Britain's Prime Minister Gordon Brown is due to host a summit on Saturday outside London with some 20 world leaders on climate change, economy and global poverty.
Chilean President Michelle Bachelet, Australian Prime Minister Kevin Rudd, Liberian President Ellen Johnson-Sirleaf and former US President Bill Clinton are among those due to attend the two-day conference and summit at The Grove hotel, in Watford.
Speaking on Friday at the Progressive Governance conference, a prelude to the summit, Brown talked about what he called "probably the first truly global financial crisis of the modern world."
"It is underpinned by probably the biggest restructuring of the world economy that has ever taken place since the industrial revolution and the biggest shift of power to Asia that we've seen in these centuries."

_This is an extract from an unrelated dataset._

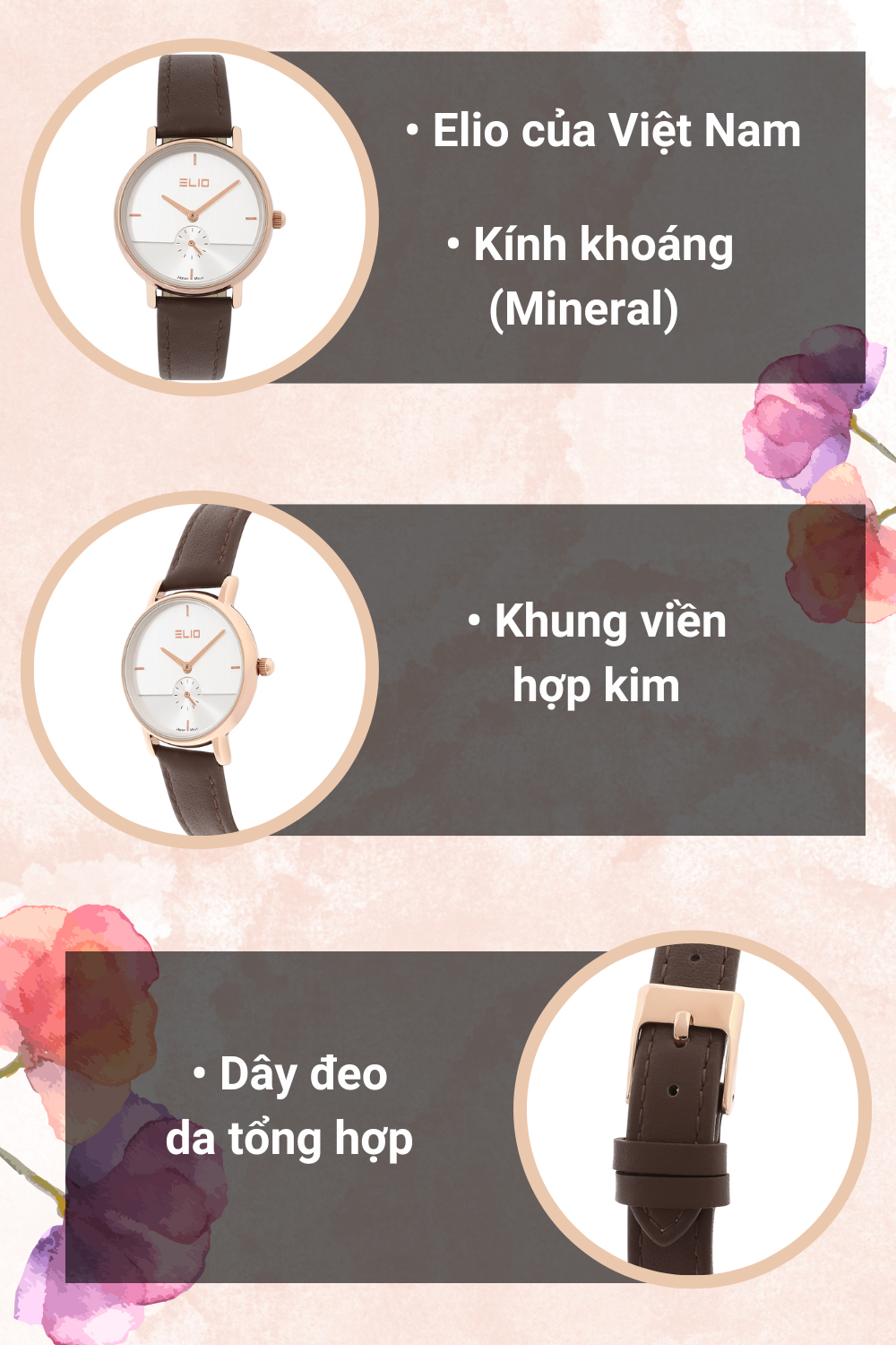 - Đồng hồ Elio với kiểu dáng, mẫu mã năng động, trẻ trung phù hợp với mọi lứa tuổi, đồng thời đồng hồ Elio còn mang vẻ đẹp sang trọng, lịch lãm. Đặc biệt đồng hồ Elio còn sử dụng bộ máy của Nhật Bản với chất lượng và độ bền cao.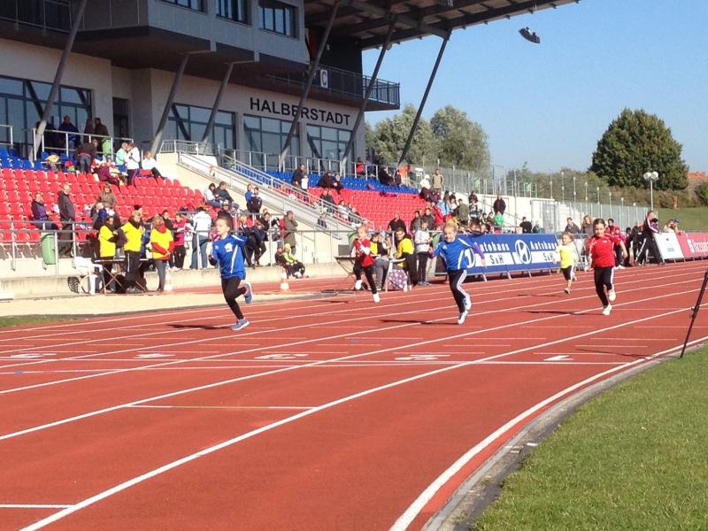 Zum letzten Wettkampf der Freiluftsaison folgte ein starkes Team von 10 jungen Gaensefurther Leichtathleten der Einladung des VfL Germania Halberstadt zur 1. Harzer Kindermehrkampf-Meisterschaft in das Friedensstadion. Kalter Wind und herbstliche Temperaturen erwarteten die aufgeregten Sportler in der Stadt am Harz. Ein perfekt organisierter Wettkampf sorgte dann für gute Stimmung bei Athleten und Zuschauern. Die Wertung erfolgte als Dreikampf mit 50m Lauf, Weitsprung, Schlagballweitwurf und außerdem als Vierkampf mit 800m bzw. 400m Lauf.

Brown also pointed out that financial rules have also experienced great changes.
"The national rules and the national regulations we adopt for economic matters bear no relationship to the global nature of capital flows and the global nature of international business organization that exists at the moment, so we will have to reform our global financial institutions."
New Zealand Prime Minister Helen Clark also addressed the conference, focusing on climate change.
"We are having to take very tough decisions in the first world on how we deal with greenhouse gas emissions and there are political and economic costs involved in that."
Summit participants are expected to hold round-table discussions and try to issue a short joint statement after the summit.